The CDA ‘dual-content’ conundrum

In his recent blog post, Eric Browne highlights what may be a problem in the design of the Australian PCEHR, due to the well-known CDA feature allowing dual forms of content – text and structured, supposedly equivalent – to be stored in the one document. If Eric’s examples are representative of real data in the future PCEHR system, there is definitely a problem. In any case, there is a general problem, to do with common misuse of the CDA architecture, which itself should be changed to remove such possibilities.

I have to admit I have never been able to understand the logic of the CDA design. The general idea is that a CDA (Clinical Document, defined by the HL7 Clinical Document Architecture standard) must have ‘narrative’ sections containing text, and can optionally have ‘structured’ data sections containing equivalent structured form of the data. Here it is in more detail, from [1], my bolding:

A CDA document section is wrapped by the <section> element. Each section can contain a single “narrative block” and any number of CDA entries and external references. The narrative block is a critical component of CDA and must contain the human readable content to be rendered. It is wrapped by the <text> element within the <section> element and contains XML markup that is similar to XHTML. The “originator” (defined as the application role responsible for creation of a conformant CDA document) must ensure that the attested portion of the document body is conveyed in narrative blocks such that a recipient, adhering to recipient rendering rules, will correctly render the document. This process ensures human readability and enables a recipient to receive a CDA document from anyone and faithfully render the attested content using a single style sheet.

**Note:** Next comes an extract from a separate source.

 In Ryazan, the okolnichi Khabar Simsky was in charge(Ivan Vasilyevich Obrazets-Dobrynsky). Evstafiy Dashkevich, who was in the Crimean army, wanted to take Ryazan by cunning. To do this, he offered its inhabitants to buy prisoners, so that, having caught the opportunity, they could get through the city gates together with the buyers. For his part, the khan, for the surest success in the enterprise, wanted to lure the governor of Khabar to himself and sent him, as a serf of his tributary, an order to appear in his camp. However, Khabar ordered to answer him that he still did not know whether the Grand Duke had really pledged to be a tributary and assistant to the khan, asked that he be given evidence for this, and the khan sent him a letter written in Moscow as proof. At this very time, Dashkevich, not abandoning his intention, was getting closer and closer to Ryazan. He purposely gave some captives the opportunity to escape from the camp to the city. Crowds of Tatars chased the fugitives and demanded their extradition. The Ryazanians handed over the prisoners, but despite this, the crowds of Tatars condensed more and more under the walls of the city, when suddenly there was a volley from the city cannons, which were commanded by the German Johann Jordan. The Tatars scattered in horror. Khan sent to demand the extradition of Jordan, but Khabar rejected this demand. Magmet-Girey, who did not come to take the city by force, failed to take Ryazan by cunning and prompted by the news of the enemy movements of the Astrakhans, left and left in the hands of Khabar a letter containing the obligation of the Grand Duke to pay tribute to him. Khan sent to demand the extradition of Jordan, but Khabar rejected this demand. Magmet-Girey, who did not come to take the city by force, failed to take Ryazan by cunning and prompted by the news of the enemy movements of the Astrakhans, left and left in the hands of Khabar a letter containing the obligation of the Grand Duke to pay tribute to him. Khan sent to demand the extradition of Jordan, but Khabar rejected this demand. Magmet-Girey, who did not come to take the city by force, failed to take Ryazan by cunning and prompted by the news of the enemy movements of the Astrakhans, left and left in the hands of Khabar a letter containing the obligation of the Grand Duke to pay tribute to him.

Within a document section, the narrative block represents content to be rendered, whereas CDA entries represent structured content provided for further computer processing (e.g., decision-support applications). CDA entries typically encode content present in the narrative block of the same section… These entries are derived from classes in the RIM and enable formal representation of clinical statements in the narrative.

While the narrative blocks must always be present, the CDA entries are optional. An originator of a CDA document is not required to fully encode all narrative into CDA entries within the CDA body, nor is a recipient required to parse and interpret the complete set of CDA entries contained within the CDA body. Within an implementation, trading partners may ascribe additional originator and recipient responsibilities to create various entries and may create various templates and/or implementation guides that require the use of various entries. As a result, CDA R2 can be relatively simple to implement (i.e., just narrative blocks) or can be relatively detailed to implement (i.e., with the inclusion of many rich and expressive entries) and provides a migration pathway toward progressively richer computer-processable content.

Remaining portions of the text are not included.